Submitted: March 31, 2004
Filed: April 6, 2006
John La Tour, Fayetteville, AR represented himself.
Paul E. Thompson, Jr. and Woody Bassett, argued, Fayetteville, AR, for appellee.
Before MELLOY, HANSEN, and COLLOTON, Circuit Judges.
MELLOY, Circuit Judge.
John S. La Tour appeals several district court1 orders in his 42 U.S.C. § 1983 challenge to the constitutionality of a municipal ordinance prohibiting him from displaying a flashing or blinking electronic sign. We affirm.
La Tour is a certified public accountant who lives and works in Fayetteville, Arkansas (the "City"). On December 23, 1999, he contacted the City's sign inspector to inquire about purchasing a sign for the window of his office. The inspector told La Tour that indoor signs were not regulated.2 La Tour then purchased an electronic sign that displays messages up to twenty-one characters long. The sign can be programmed to display one set of characters, go blank, and then display another set of characters. Used in this manner, the sign can display messages that would not fit on the sign if used only in a non-flashing, static mode. After La Tour used the sign to display political messages,3 City officials ordered him to remove the sign because it violated Unified Development Ordinance Section 174.08(B) (the "Ordinance"), which prohibits any "sign which flashes, blinks, or is animated."4 This section does not contain any exceptions, but the City admits that it has not enforced the regulation with respect to flashing signs that display only the time and/or temperature, without advertising matter. The parties agree that La Tour's sign operates in the same manner as the time and temperature signs that the City allows.
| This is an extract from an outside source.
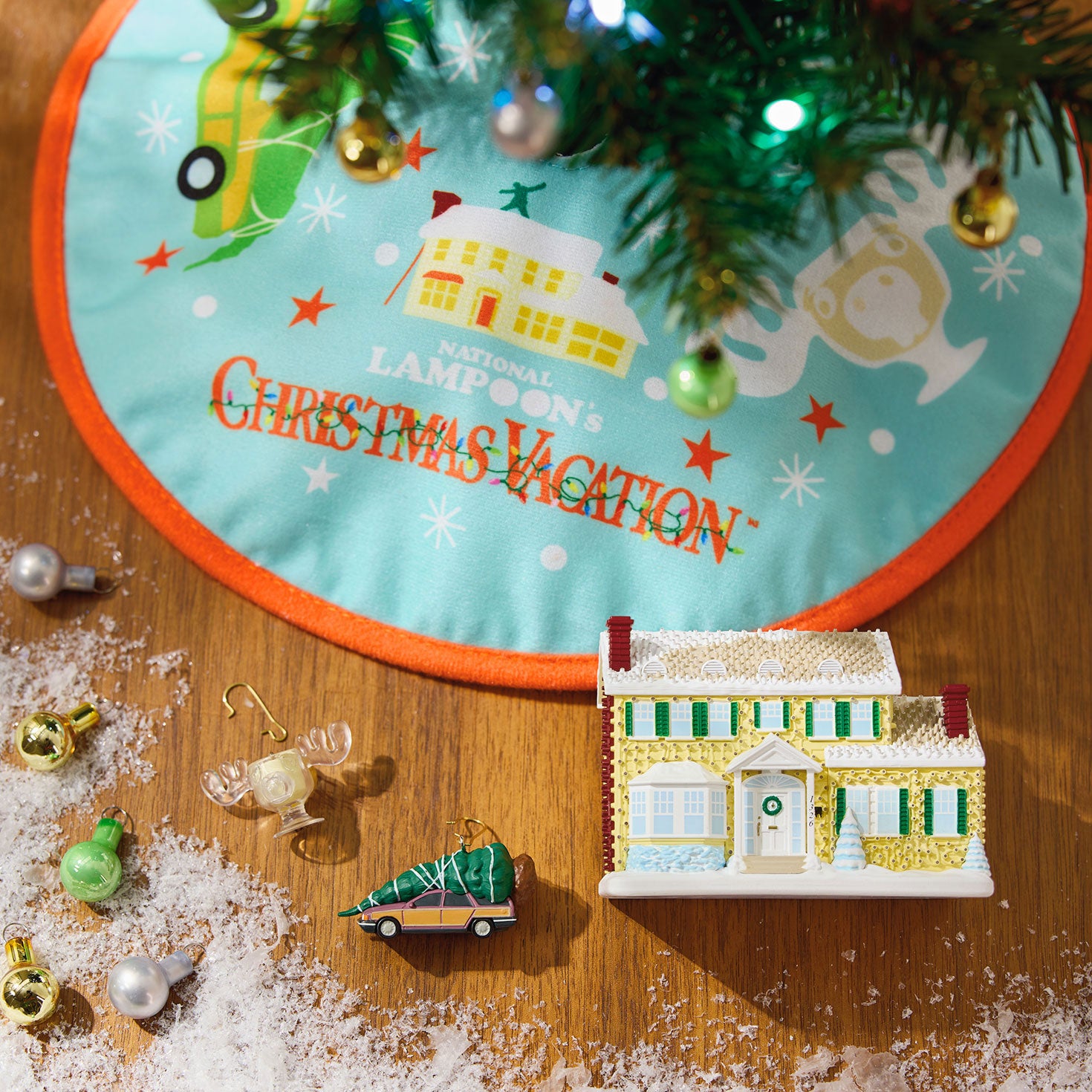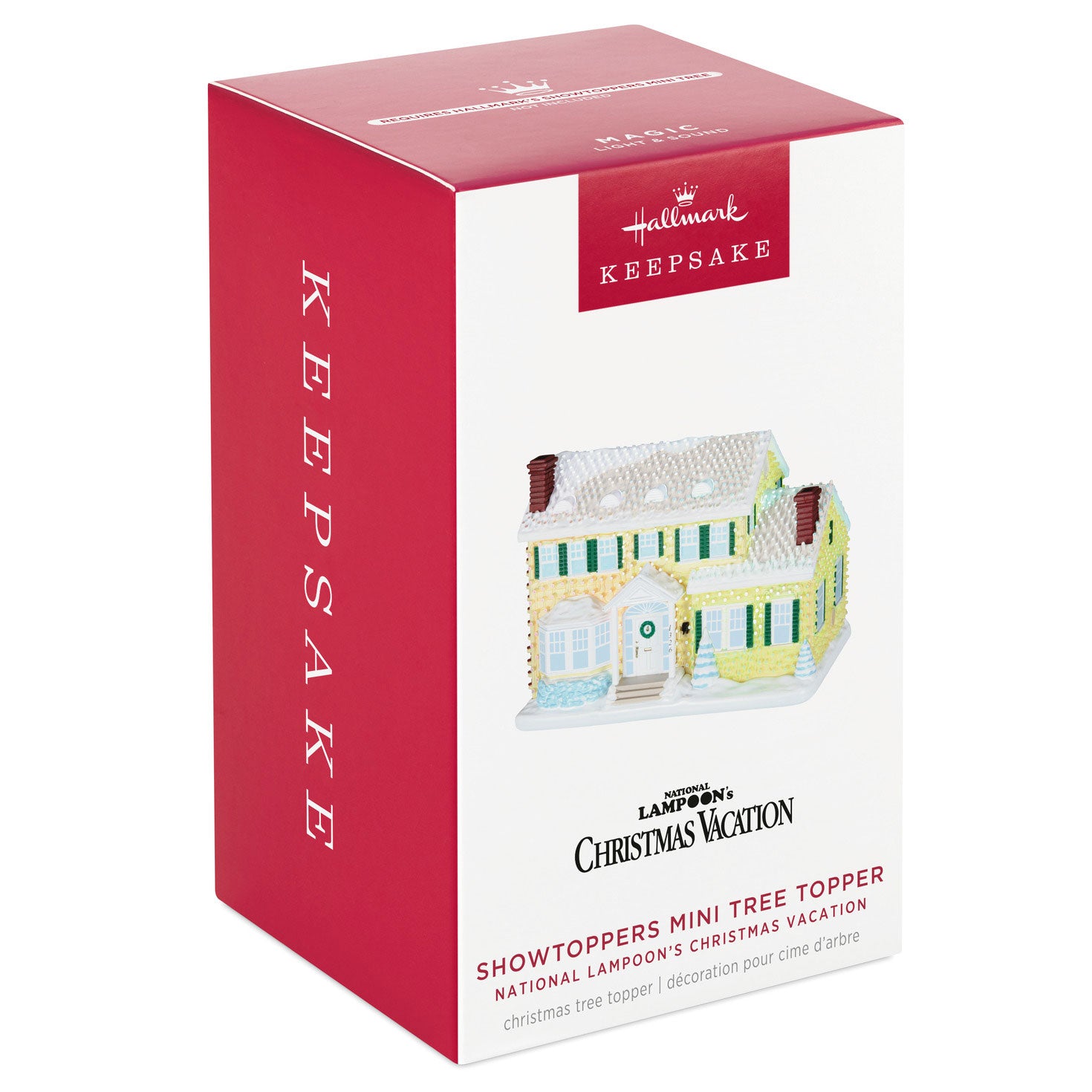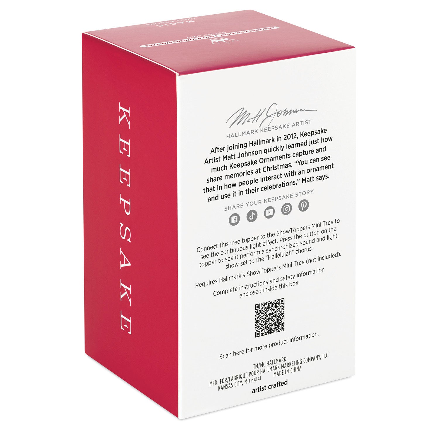 Celebrate the holidays in Griswold style! Connect this National Lampoon’s Christmas Vacation ShowToppers Mini Tree Topper to Hallmark's ShowToppers Mini Tree (sold separately) to see it come to life with a synchronized sound and light performance. Colorful LEDs glow with a continuous default light effect. Press the button to see them put on a festive show set to the "Hallelujah" chorus. Battery operated.

When La Tour refused to remove the sign, the City filed a criminal summons. La Tour was tried and convicted in municipal court. He appealed the conviction, and the City settled the case. The City agreed to allow La Tour to change the message on his sign once every three hours and refunded his fines and court costs. La Tour then filed a claim in the United States District Court for the Western District of Arkansas on January 3, 2002, seeking civil damages under 42 U.S.C. § 1983. The district court found some sections of the Ordinance unconstitutional, but held that Section 174.08(B) was constitutional on its face and as applied. The district court also found that La Tour's rights under the Equal Protection Clause had not been violated and denied La Tour's request to amend his complaint to add certain City officials as defendants. In a separate ruling, the district court prohibited La Tour from presenting evidence regarding additional signs in and around the City. La Tour timely appealed.
We assume, without deciding, that La Tour successfully preserved an objection to the district court's ruling which excluded La Tour from offering testimony regarding other flashing signs. "We review a trial court's evidentiary rulings under the abuse of discretion standard, affording the district court substantial deference." Shelton v. Consumer Prods. Safety Comm'n, 277 F.3d 998, 1009 (8th Cir. 2002). After a careful review of the record, we believe that La Tour's proffered evidence would not have significantly impacted the constitutional analysis. As such, we find no abuse of discretion in excluding it.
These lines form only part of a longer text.